Software & Data Management
While the base configuration features standalone hardware control, optional Ethernet-enabled data acquisition firmware provides remote status monitoring, historical resistivity/TOC trend logging (up to 30 days), and automated calibration certificate generation. Export formats include CSV and PDF with embedded digital signatures. All event logs—including cartridge replacement alerts, alarm history, and manual override records—are time-stamped and tamper-evident. Integration with LIMS via MODBUS TCP or OPC UA protocols is supported for centralized lab infrastructure management.
Applications
- Preparation of mobile phases and standards for HPLC, UHPLC, and LC-MS
- Blank matrix formulation for trace metal analysis by ICP-OES and ICP-MS
- Diluent and rinse solution in atomic spectroscopy (AAS, AES)
- Electrolyte formulation for electrochemical sensors and fuel cell R&D
- Cleaning of optical components, quartz cuvettes, and semiconductor wafers
- Cell culture media supplementation and reagent-grade buffer preparation under ISO 13485 environments
FAQ
What feed water quality is required to achieve specified ultrapure output?
Distilled water or RO permeate with conductivity <5 µS/cm and silica <0.1 mg/L is recommended. Feed water exceeding these limits may reduce resin lifetime and compromise TOC performance.
Can the system be validated per IQ/OQ/PQ protocols?
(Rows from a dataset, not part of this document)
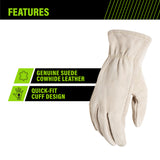 Designed to keep your hands comfortable and protected on a wide variety of jobs, AWP Suede Leather Cowhide work gloves are crafted from genuine suede cowhide and provide a high level of abrasion and puncture resistance. These durable work gloves are ideal for farming, landscaping, yard work, construction, driving, ranching, operating heavy machinery, and more.
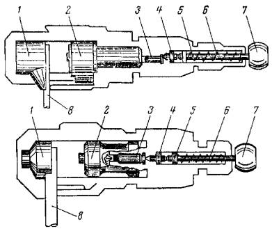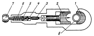 Рис. 5. Соединение труб прессом ППСТ-33М: 1 - матрица; 2 - пуансон; 3 - патрон; 4 - боек; 5 - ударник; 6 - боевая пружина; 7 - пуговка; 8 - стальная труба (муфта, раструб) 2.4.3. Основные технические данные пресса ППСТ-33М приведены ниже: Габаритные размеры, мм.............................................. 380´90´80 Масса порохового инструмента в рабочем положении, кг.................................................................................... 6 Масса комплекта порохового инструмента в инвентарном футляре (в состоянии поставки), кг.................................................................................... 10 Используемые патроны................................................ МПУ-1 и МПУ-2 Размеры соединяемых труб, мм: наружный диаметр электросварных труб по ГОСТ 10704-76 и ТУ 14-3-729-78.................................................................................... 20; 25; 32 условный проход (наружный диаметр) водогазопроводных труб по ГОСТ 3262-75.................................................................................... 15 (21,3); 20 (26,8); 25 (33,5) Гарантированное количество выстрелов.................... 10000 Запирание патрона в стволе......................................... Жесткое Способ воспламенения патрона.................................. Ручным оттягиванием ударника и наколом капсюля под действием разжимающейся боевой пружины Экстракция стреляной гильзы..................................... Ручная, шомполом с зацепами Отдача при выстреле..................................................... Воспринимается массой инструмента и руками рабочего Блокировка от случайного выстрела........................... При недоввинченном затворе; при падении с высоты до 1,5 м 2.4.4. Для получения качественного (за один выстрел) соединения труб патрон и соответствующие пуансон и матрица должны выбираться в соответствии с «Техническим описанием и инструкцией по эксплуатации» с учетом наружного диаметра и вида соединяемых труб. 2.5. ХРАНЕНИЕ, УЧЕТ, РЕМОНТ И ТРАНСПОРТИРОВАНИЕ ПОРОХОВЫХ ИНСТРУМЕНТОВ2.5.1. Порядок хранения, подготовки к работе и выдачи пороховых инструментов должен соответствовать требованиям «Положения об организации инструментального хозяйства в строительстве», утвержденного Госстроем СССР 4 мая 1971 г. 2.5.2. Все места и условия хранения пороховых инструментов должны исключать их хищение, использование не по назначению, порчу от попадания влаги и устанавливаться приказом по монтажной организации (управлению, участку). 2.5.3. До начала эксплуатации пороховые инструменты должны храниться в состоянии поставки в складских закрытых помещениях строительно-монтажных организаций с соблюдением климатических факторов воздействия внешней среды по группе С (ГОСТ 15150-69). 2.5.4. Хранить пороховые инструменты при ежедневной выдаче для работы необходимо в инструментально-раздаточных пунктах (ИРП). При этом в ИРП допустимо хранить до четырех пороховых инструментов совместно с патронами в месте, оборудованном в соответствии с требованиями, установленными для монтажных патронов (раздел 4 настоящей Инструкции). 2.5.5. Пороховые инструменты для производства работ нужно выдавать только на основании предварительно оформленного наряда-допуска (приложение 1). Выдачу пороховых инструментов для работы по наряду-допуску и их возврат по окончании работ следует регистрировать в «Ведомости выдачи и возврата пороховых инструментов (приложение 2). 2.5.6. Данные закрытых нарядов-допусков должны использовать соответствующие службы строительно-монтажной организации при инвентаризации патронов, а также служба главного механика для учета работы порохового инстр
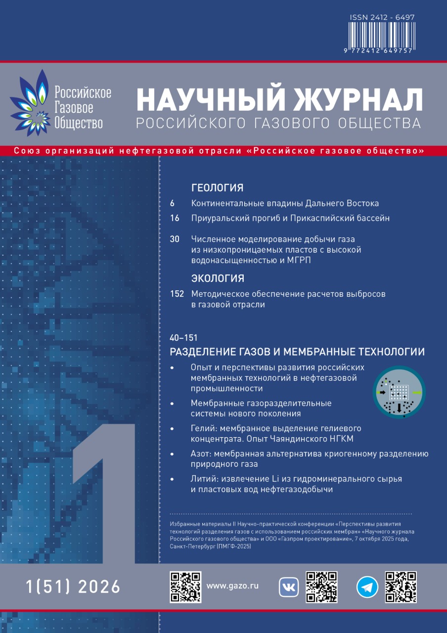 В номере: геология – континентальные впадины Дальнего Востока, Приуральский прогиб и Прикаспийский бассейн; моделирование газодобычи газа из низкопроницаемых пластов; экология – методическое обеспечение расчетов выбросов; разделение газов и российские мембранные технологии, материалы научной конференции РГО на ПМГФ-2025.
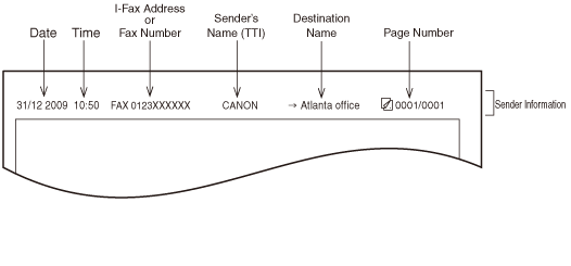 Ja iekārta ir iestatīta tā, lai saņemtajās lappusēs tiktu izdrukāti nosūtītāja dati, un ja daļa datu nav reģistrēta, tiek izdrukāti tikai nepieciešamie reģistrētie dati un oriģināla lappušu kopējais skaits. Taču, ja tiek izmantots tiešās sūtīšanas režīms, kopējais oriģināla lappušu skaits netiek drukāts.
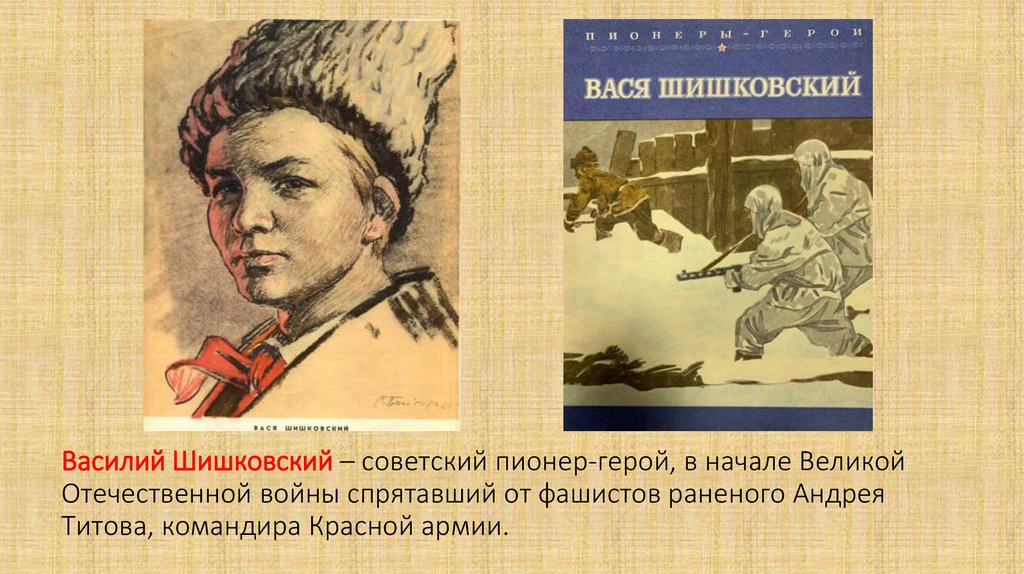 Василий Шишковский – советский пионер-герой, в начале ВеликойОтечественной войны спрятавший от фашистов раненого Андрея
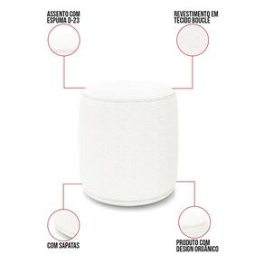 Quantos puffs você tem em casa? Nenhum? Então está na hora de mudar isso! Nada como chegar em casa, relaxar e ter um cantinho especial para esticar os pés, não é mesmo? Com o Puff Malu, não tem segredo, seus momentos de descanso serão garantidos. Além da sua simetria artística e curvas suaves, ele contém um revestimento em Bouclê que harmoniza com qualquer ambiente. Pode ser utilizado em sala de estar, recepções, escritórios, lojas, espaços comerciais, ou qualquer outro espaço que você queira decorar com estilo e bom gosto. Ele tem uma estrutura em madeira de reflorestamento eucalipto, que garante a resistência e a sustentabilidade do produto. Ele suporta até 120 kg de peso, podendo ser utilizada por pessoas de diferentes biotipos. Ele tem um acabamento reforçado e espuma de qualidade D23, que oferece maciez e aconchego. As sapatas plásticas (fixa) são pequenas proteções colocadas na base dos pés para evitar que eles risquem ou danifiquem o chão. O Puff Malu é um móvel de alta qualidade, que exala sofisticação e conforto. Ele é fácil de transportar, pois tem um peso leve e um tamanho compacto. Ele vai trazer charme, conforto incomparável e durabilidade para o seu ambiente. Corra e garanta seu Puff agora mesmo!

Yes—comprehensive validation documentation packages, including test scripts, acceptance criteria templates, and raw data worksheets aligned with ASTM E2500 and EU Annex 15, are available upon request.
Is the terminal filter sterilizable in place (SIP)?
The 0.22 µm PES filter is non-autoclavable but replaceable under aseptic conditions; optional sterile-grade housings with gamma-irradiated pre-assembled cartridges are offered for ISO 5 cleanroom integration.
How often must the ultra-purification pack be replaced?
Under typical usage (8 h/day, 5 L/day total draw), service intervals range from 6–12 months depending on feed water quality and daily throughput—monitored automatically via integrated resistivity decay algorithms.
Does the system support remote diagnostics and predictive maintenance?
With optional connectivity module, cloud-based health monitoring provides early warnings for pump efficiency drift, resin saturation trends, and UV lamp intensity decay—enabling scheduled interventions before specification drift occurs.